0x00000000016d7317 in v8::internal::(anonymous namespace)::ElementsAccessorBase<v8::internal::(anonymous namespace)::TypedElementsAccessor<(v8::internal::ElementsKind)24, double>, v8::internal::(anonymous namespace)::ElementsKindTraits<(v8::internal::ElementsKind)24> >::Set (this=<optimized out>, holder=..., entry=..., value=...) at ../deps/v8/src/objects/elements.cc:3002
3002	  static void SetImpl(ElementType* data_ptr, size_t entry, ElementType value) {
#0  0x00000000016d7317 in v8::internal::(anonymous namespace)::ElementsAccessorBase<v8::internal::(anonymous namespace)::TypedElementsAccessor<(v8::internal::ElementsKind)24, double>, v8::internal::(anonymous namespace)::ElementsKindTraits<(v8::internal::ElementsKind)24> >::Set (this=<optimized out>, holder=..., entry=..., value=...) at ../deps/v8/src/objects/elements.cc:3002
#1  0x00000000017f3d34 in v8::internal::LookupIterator::WriteDataValue (this=this@entry=0x7fffffffd130, value=value@entry=..., initializing_store=initializing_store@entry=false) at ../deps/v8/src/objects/objects.h:607
#2  0x000000000182eceb in v8::internal::Object::SetDataProperty (it=it@entry=0x7fffffffd130, value=value@entry=...) at ../deps/v8/src/objects/objects.cc:2760
#3  0x00000000018520d7 in v8::internal::Object::SetPropertyInternal (it=it@entry=0x7fffffffd130, value=..., should_throw=..., store_origin=store_origin@entry=v8::internal::StoreOrigin::kMaybeKeyed, found=found@entry=0x7fffffffd0c8) at ../deps/v8/src/objects/objects.cc:2546
#4  0x00000000018527f9 in v8::internal::Object::SetProperty (it=it@entry=0x7fffffffd130, value=value@entry=..., store_origin=store_origin@entry=v8::internal::StoreOrigin::kMaybeKeyed, should_throw=should_throw@entry=...) at ../deps/v8/src/objects/objects.cc:2565
#5  0x0000000001a28c3d in v8::internal::Runtime::SetObjectProperty (isolate=isolate@entry=0x5807010, object=object@entry=..., key=key@entry=..., value=..., store_origin=store_origin@entry=v8::internal::StoreOrigin::kMaybeKeyed, should_throw=..., should_throw@entry=...) at ../deps/v8/src/runtime/runtime-object.cc:427
#6  0x0000000001a366e4 in v8::internal::__RT_impl_Runtime_SetKeyedProperty (args=..., isolate=isolate@entry=0x5807010) at ../deps/v8/include/v8.h:9970
#7  0x0000000001a36a7a in v8::internal::Runtime_SetKeyedProperty (args_length=3, args_object=0x7fffffffd290, isolate=0x5807010) at ../deps/v8/src/runtime/runtime-object.cc:673
#8  0x0000000002050e80 in Builtins_CEntry_Return1_DontSaveFPRegs_ArgvOnStack_NoBuiltinExit () at ../../deps/v8/../../deps/v8/src/builtins/promise-misc.tq:111
#9  0x0000000002299ee3 in Builtins_StaKeyedPropertyHandler () at ../deps/v8/src/interpreter/interpreter-generator.cc:615
#10 0x00003f35de8765d9 in ?? ()
#11 0x0000000000000000 in ?? ()

[addaleax]

@gabrielschulhof You can use call (void) _v8_internal_Print_StackTrace() to print a JS stack trace, which is going to be a lot more useful there I think 🙂 (generally, the gdb shortcuts in https://github.com/v8/v8/blob/master/tools/gdbinit are super useful)

[gabrielschulhof]

@addaleax thanks!
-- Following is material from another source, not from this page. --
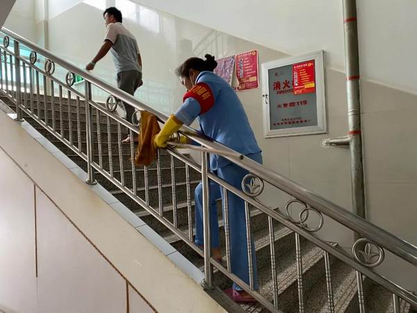 结合爱国卫生七个专项行动(“清垃圾、扫厕所、勤洗手、净餐馆、管集市、常消毒、众参与”),我院多措并举进一步加强室内外环境卫生整治。垃圾、污水、污物日产日清;日常保洁、消毒查杀全覆盖,每日两次,发热门诊、电梯、厕所、楼梯扶手等重点区域频次进一步加强。

I'll try to produce a hybrid stack trace next.

[addaleax]

@gabrielschulhof That being said … it looks like you’re calling into JS/throwing an exception from the finalizer – that can’t be right? We allow that for Buffer finalizers but go out of our way (via SetImmediate()) to make that possible there, but not for other finalizers. If you allow running JS/throwing exceptions from regular finalizers, that’s bound to be problematic because GC can run during any other code, including without a JS stack at all.

[gabrielschulhof]

@addaleax hmmm ... finalizers are supposed to be able to execute JS. Their signature accepts a napi_env. If that's no longer true, we need to make some drastic changes.

[gabrielschulhof]

@addaleax the original motivation was to make node-addon-api callbacks more consistent. In those headers we don't have CallIntoModule like we have in core, but we need it, because of the way we convert C++ exceptions that are really napi_values containing JS errors to be thrown on the JS side into JS exceptions. Any calls made into user code need to expect a C++ exception, including calling the user's finalizer.

[addaleax]

@addaleax hmmm ... finalizers are supposed to be able to execute JS.

@gabrielschulhof In that case, I would delay their execution with SetImmediate() like we do for Buffers.